--- Directions for this task ---
Drop the images. Copy every line below character for character.
(Information shown Opens)
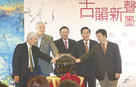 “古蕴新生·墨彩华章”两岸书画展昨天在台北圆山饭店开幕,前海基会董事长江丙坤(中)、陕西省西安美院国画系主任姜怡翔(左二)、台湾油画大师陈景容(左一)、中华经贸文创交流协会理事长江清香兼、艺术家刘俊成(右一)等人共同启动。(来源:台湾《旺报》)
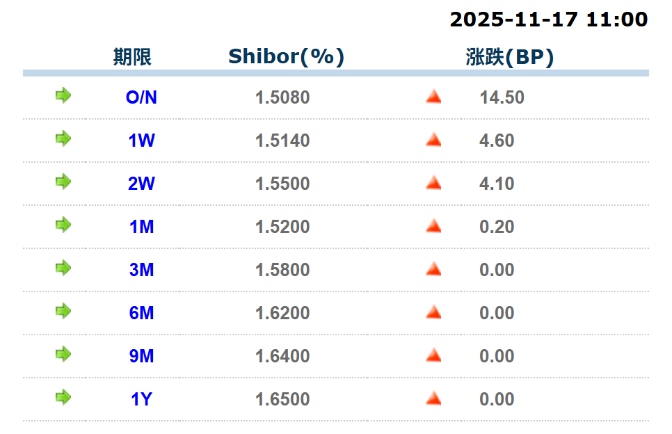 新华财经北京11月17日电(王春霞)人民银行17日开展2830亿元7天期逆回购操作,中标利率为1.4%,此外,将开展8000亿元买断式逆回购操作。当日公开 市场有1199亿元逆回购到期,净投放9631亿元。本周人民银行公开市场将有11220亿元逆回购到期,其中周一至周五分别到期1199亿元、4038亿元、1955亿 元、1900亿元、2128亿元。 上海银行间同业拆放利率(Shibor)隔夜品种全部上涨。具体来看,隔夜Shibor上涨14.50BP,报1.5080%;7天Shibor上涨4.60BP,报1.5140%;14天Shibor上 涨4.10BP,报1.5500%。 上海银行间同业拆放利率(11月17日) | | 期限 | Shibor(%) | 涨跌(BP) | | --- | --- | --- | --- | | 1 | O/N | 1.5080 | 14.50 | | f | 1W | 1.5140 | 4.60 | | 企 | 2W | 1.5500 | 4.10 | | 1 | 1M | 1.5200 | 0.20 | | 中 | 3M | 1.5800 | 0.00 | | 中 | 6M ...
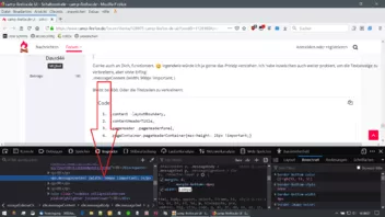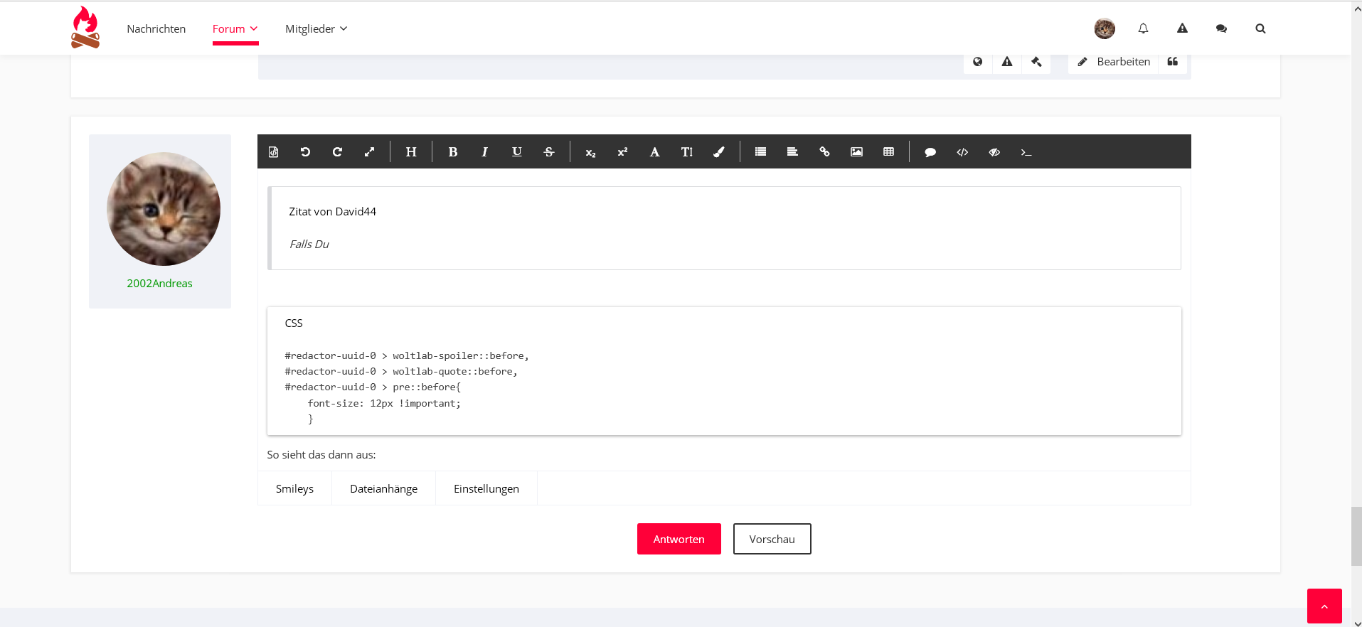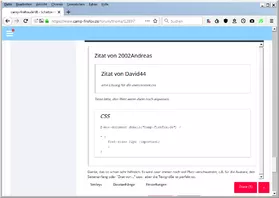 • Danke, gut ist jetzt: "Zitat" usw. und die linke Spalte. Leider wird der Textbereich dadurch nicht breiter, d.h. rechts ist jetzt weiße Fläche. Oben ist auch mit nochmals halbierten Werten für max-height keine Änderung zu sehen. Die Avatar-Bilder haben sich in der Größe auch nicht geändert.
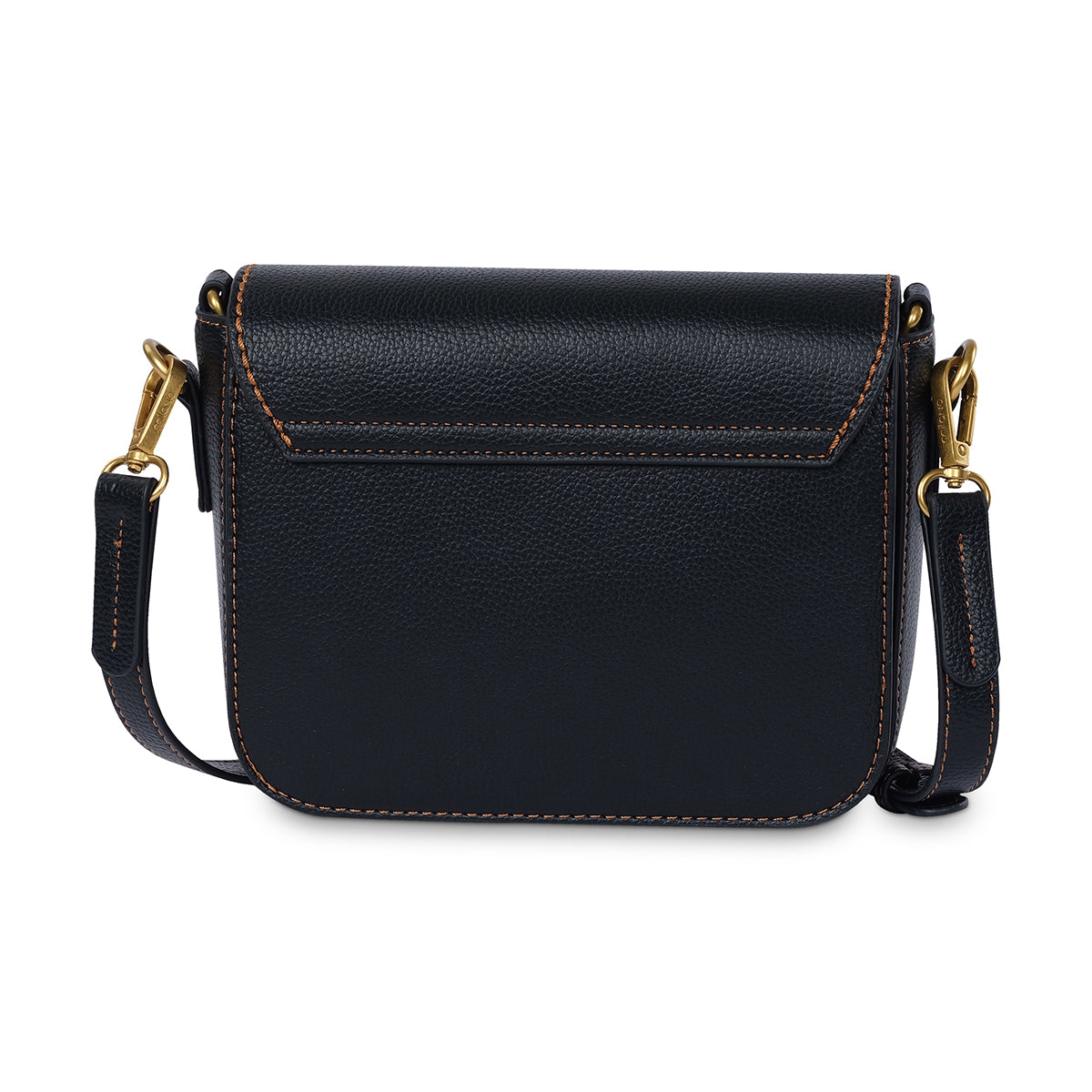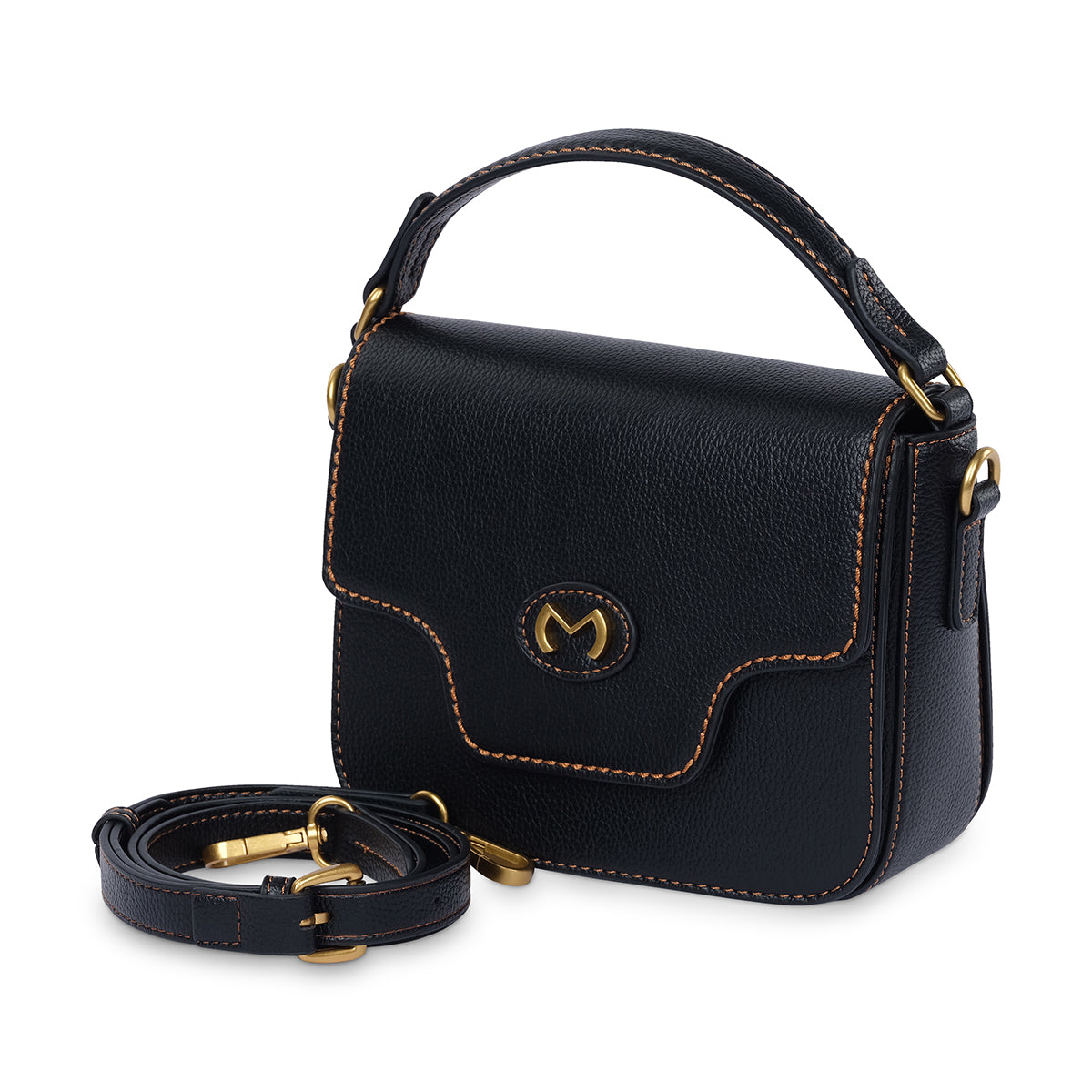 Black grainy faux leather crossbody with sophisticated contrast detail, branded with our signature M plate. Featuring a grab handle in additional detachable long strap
(Information shown Closes)
--- Solution for this problem ---
 “古蕴新生·墨彩华章”两岸书画展昨天在台北圆山饭店开幕,前海基会董事长江丙坤(中)、陕西省西安美院国画系主任姜怡翔(左二)、台湾油画大师陈景容(左一)、中华经贸文创交流协会理事长江清香兼、艺术家刘俊成(右一)等人共同启动。(来源:台湾《旺报》)
 新华财经北京11月17日电(王春霞)人民银行17日开展2830亿元7天期逆回购操作,中标利率为1.4%,此外,将开展8000亿元买断式逆回购操作。当日公开 市场有1199亿元逆回购到期,净投放9631亿元。本周人民银行公开市场将有11220亿元逆回购到期,其中周一至周五分别到期1199亿元、4038亿元、1955亿 元、1900亿元、2128亿元。 上海银行间同业拆放利率(Shibor)隔夜品种全部上涨。具体来看,隔夜Shibor上涨14.50BP,报1.5080%;7天Shibor上涨4.60BP,报1.5140%;14天Shibor上 涨4.10BP,报1.5500%。 上海银行间同业拆放利率(11月17日) | | 期限 | Shibor(%) | 涨跌(BP) | | --- | --- | --- | --- | | 1 | O/N | 1.5080 | 14.50 | | f | 1W | 1.5140 | 4.60 | | 企 | 2W | 1.5500 | 4.10 | | 1 | 1M | 1.5200 | 0.20 | | 中 | 3M | 1.5800 | 0.00 | | 中 | 6M ...
 • Danke, gut ist jetzt: "Zitat" usw. und die linke Spalte. Leider wird der Textbereich dadurch nicht breiter, d.h. rechts ist jetzt weiße Fläche. Oben ist auch mit nochmals halbierten Werten für max-height keine Änderung zu sehen. Die Avatar-Bilder haben sich in der Größe auch nicht geändert.
 Black grainy faux leather crossbody with sophisticated contrast detail, branded with our signature M plate. Featuring a grab handle in additional detachable long strap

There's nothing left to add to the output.